The make-series operator in KQL turns rows of events into a continuous time series, with one point for every time interval — even for the periods when there was no data. It is what you need to draw reliable trend charts and to apply the KQL series-analysis functions. This is how to create time series with make-series step by step, from sample data to a line chart, in Real-Time Analytics in Microsoft Fabric or in Azure Data Explorer.

Prerequisites

  • Access to a KQL Queryset in Microsoft Fabric or to an Azure Data Explorer cluster.
  • Basic KQL knowledge: knowing summarize and where helps, but is not required.
  • A table with a date/time column (datetime). In this example we create the data with datatable, so you can follow along without any table.

Step 1: Understand the difference from summarize

With summarize ... by bin() you get one row for every interval that has data. Days without events simply do not show up, which leaves "holes" in the chart. make-series fixes this: it builds a regular time axis from start to end and fills the empty intervals with a value of your choice (for example, 0). The result is a single row that holds arrays with every point of the series. Without this regular grid, a break in the chart can look like a real drop when it was only missing data — and that leads to wrong readings and wrong decisions.

Step 2: Prepare sample data

We will use a small sales set. Notice there are no records on July 2 and 5 — that is exactly where make-series shines.
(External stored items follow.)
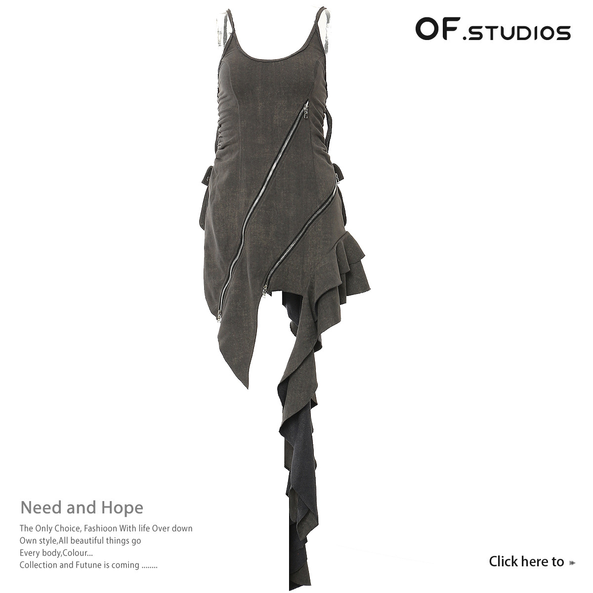 新款重工不规则裁剪拉链背心连衣裙 女 English | 投诉
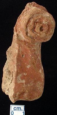 | Description / विवरण | Fragment of a terracotta unidentified object, red in colour and treated with red slip all over, one circular knot with two incised concentrated circles with central puncture made on end of one surface, small pin hole seen on central surface, rest part damaged. |
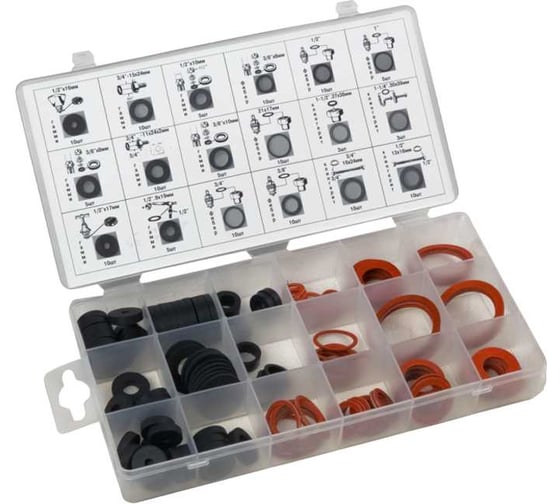Набор шайб-прокладок СЕРВИС КЛЮЧ состоит из 18 разных размеров, в количестве 141 предмет. Шайбы-прокладки используются для укрепления и герметизации болтовых соединений. Они найдут свое применение в автомобильной сфере, сантехнической и при других монтажных работ. Каждая шайба-прокладка изготовлена из качественной резины, что гарантирует выдерживание высоких нагрузок и герметичность. Каждый размер представлен в количестве от 3 до 10 штук. Благодаря этому, вы можете выбрать оптимальный размер для вашего проекта. Кроме того, набор поставляется в удобном кейсе для хранения и транспортировки.
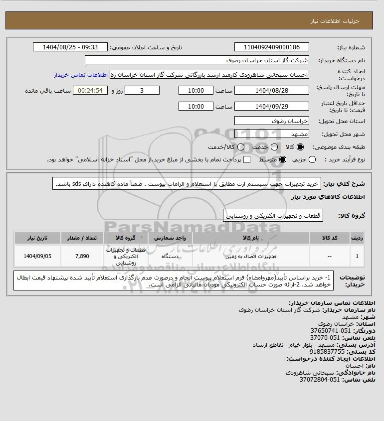 | 1 | -- | تجهیزات اتصال به زمین | دستگاه | قطعات و تجهیزات الکتریکی و روشنایی | 7,890 | 1404/09/05 |
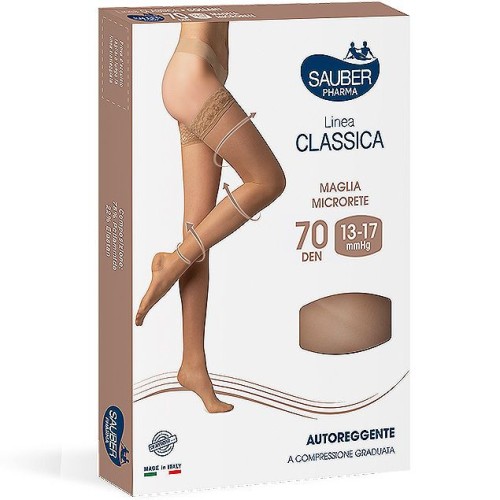 Sauber Calza Autoreggente 70 Denari, microrete, offre comfort e azione tonificante. Balze in pizzo con silicone, ideale per gambe stanche. Previene le varici, riduce gonfiori. Disponibile in nero. Compressione graduata. Taglia 4, Linea Classica. Dispositivo medico.
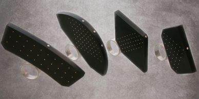 Серия колец «Страйт» - стереометрический объем, пластический архитектурный язык, математическая точность, прозрачные пластины оргстекла, изящные оптические эффекты...
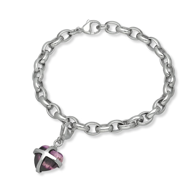 A signature design by Robert & Victoria, this elegant bracelet is part of our Cross Hearts collection. The bracelet features a hand carved heart shaped Blue John gemstone, sourced directly from Castleton in Derbyshire. The individual highly polished gemstone has been framed within a 9ct White gold mount that embraces the stone in a cross design. A secure lobster clasp and solid 9ct White gold chain completes the bracelet.
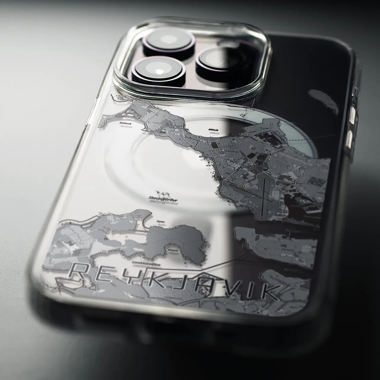 【レイキャヴィーク(アイスランド)】地図柄iPhoneケース(MagSafeタイプ)モノトーン・iPhone 16 Pro 用

let Vendas = datatable(Timestamp:datetime, Produto:string, Valor:real)
[
    datetime(2026-07-01 09:15), "A", 120,
    datetime(2026-07-01 11:40), "B", 80,
    datetime(2026-07-03 14:05), "A", 200,
    datetime(2026-07-04 10:00), "B", 150,
    datetime(2026-07-06 16:30), "A", 90
];
Vendas
| make-series TotalDiario = sum(Valor) on Timestamp step 1d

Without a range, make-series uses the minimum and maximum dates in the data. You already get a series, but it is better to control the start and end.

Step 3: Set start, end and step

Use from, to and step to pin the time grid, and default=0 to fill the days with no sales with zero:

Vendas
| make-series TotalDiario = sum(Valor) default=0
    on Timestamp
    from datetime(2026-07-01) to datetime(2026-07-07) step 1d

The series now always has 6 points (July 1 to 6), with 0 on the 2nd and 5th. The grid is regular, which is essential to compare periods and to use the series functions.
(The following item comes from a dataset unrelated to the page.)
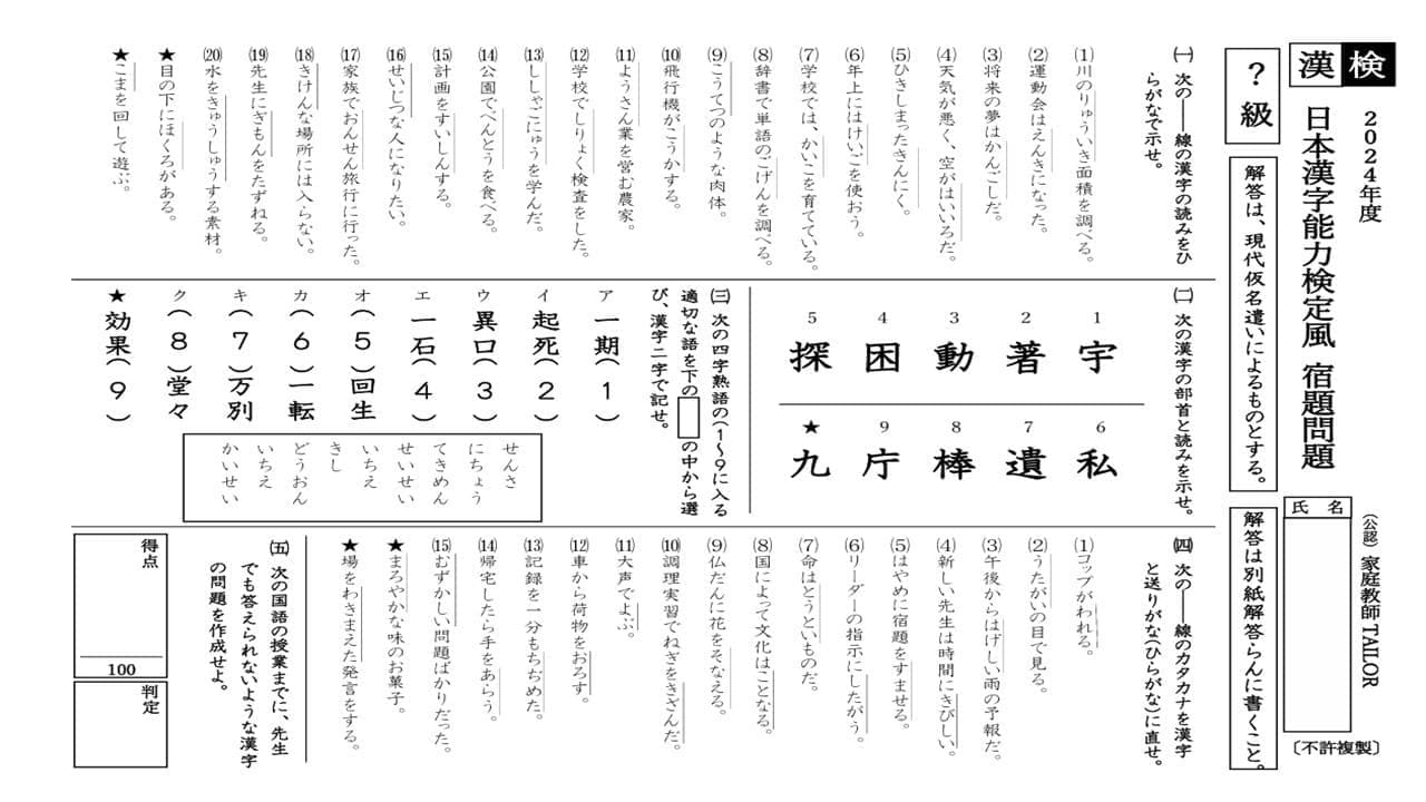 例えば、「漢字検定取れた!」と嬉しそうに報告してくれたお子様には、漢字検定風のワークシートを作成しました。単調にドリルに臨むのではなく、毎回違った雰囲気で、反復練習でも楽しめるような宿題を作成しています。

The step accepts any time interval: use 1h to group by hour, 15m every fifteen minutes, or 7d by week. Pick the granularity your analysis needs.

Step 4: One series per category

To compare products, add by. Each product gets its own series, aligned on the same time axis:

Vendas
| make-series TotalDiario = sum(Valor) default=0
    on Timestamp
    from datetime(2026-07-01) to datetime(2026-07-07) step 1d
    by Produto

The result has one row per product, each with its own TotalDiario array.

Step 5: Chart the trend

make-series plugs straight into render timechart, which draws a line chart with time on the horizontal axis:

Vendas
| make-series TotalDiario = sum(Valor) default=0
    on Timestamp
    from datetime(2026-07-01) to datetime(2026-07-07) step 1d
    by Produto
| render timechart

Check the result

Confirm it is correct in three ways: (1) the TotalDiario column shows up as an array (type dynamic); (2) each array has exactly 6 values, including the zeros for July 2 and 5; (3) on the chart, the line is continuous and drops to zero on those days instead of "jumping" over them. If you want one row per day again, use mv-expand to expand the arrays.

Conclusion

With make-series you moved from scattered events to a regular time series that is ready to analyze. The natural next step is to explore the KQL series functions, such as series_fir for moving averages or series_decompose_anomalies to detect anomalies automatically. Which one will you try first in your next Real-Time Analytics dashboard?